Hilario Olivo frente al espejo. Frente a su sombra. Frente a la sombra de su imagen. De la imagen que se nutre de las sombras que refleja su espejo.
Como el escritor y su clásico enfrentamiento con la página en blanco, Hilario escudriña su filiación al objeto que cuestiona su trajín, a la línea plástica que interroga su presencia en el lienzo para ser sujeto que seduce a su imaginación.

Al principio, cuando Hilario deja sus trazos tendidos sobre la tela, el cromatismo explayado sobre las sombras, las sombras forjando ya, libremente, la sinonimia de sus pálpitos, la exultante vibración de su abstracción, el que mira –yo, el otro- entrevé una realidad que entumece los sentidos y rasga la vestidura de la imagen y su deseo, la rotura del referente y su efecto.

Luego, direccionando la mirada a sus lados insondables, al intenso devenir de la figura y su emblema, el que mira –el otro, yo- puede ver la imagen y el sentido de su extravío, la transfigurada sensación de una conciencia lúcida, que ha interpuesto entre la imagen y el observador los jirones del alma y las crepitaciones del deseo.
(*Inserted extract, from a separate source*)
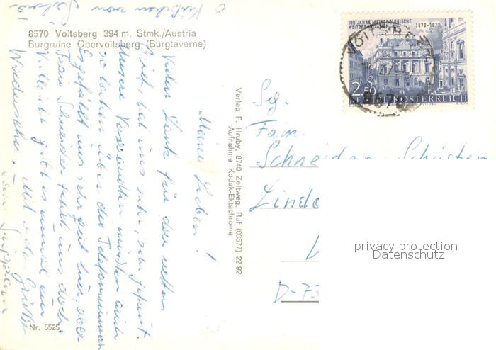 73630343 alte Postkarte Voitsberg Steiermark Fliegeraufnahme Burgruine Obervoitsberg Ortsmotiv postalisch gelaufen Erhaltung siehe scans [WerneD78] KatCode: 11390225061625
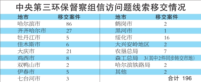 本报讯(吴殿峰记者吴利红)记者从黑龙江省中央环境保护督察整改工作领导小组获悉,截至6月3日20时,我省共接收中央环保督察组转办举报案件3批次,共196件,其中重点案件46件。 按地域划分,196件举报案件中,哈尔滨86件,齐齐哈尔27件,牡丹江5件,佳木斯6件,大庆21件,鸡西8件,双鸭山2件,伊春5件,七台河3件,鹤岗2件,黑河1件,绥化16件,大兴安岭地区2件,农垦总局7件,森工总局3件(其中2件同步转交市地),省水利厅1件,哈尔滨铁路局2件,哈牡哈佳铁路客运专线有限责任公司1件。

¿Qué hace un pintor cuando crea? ¿Por dónde anda la conciencia de un pintor cuando emerge de su paleta la imagen y sus designios, la sombra de lo que plasmará en el lienzo? Está luchando con sus sueños, con su instinto, con los rostros que ambulan en su pensar onírico, con el dilema que altera su plasma humano, con las turbaciones que su espíritu inquieto acelera. Ese momento, que ningún crítico ha podido describir nunca con certeza, pues solo lo imagina, es una pesadilla errante que camina en las entrañas del ensamblaje de sus delirios, que ambula a tientas, en ocasiones frenética, sobre las ondulaciones de su desasosiego. Cerebro y carne. Pasión y desequilibrio. Ansiedad que busca el orden. Mutación que ansía su destino. Trama que anhela develar su misterio.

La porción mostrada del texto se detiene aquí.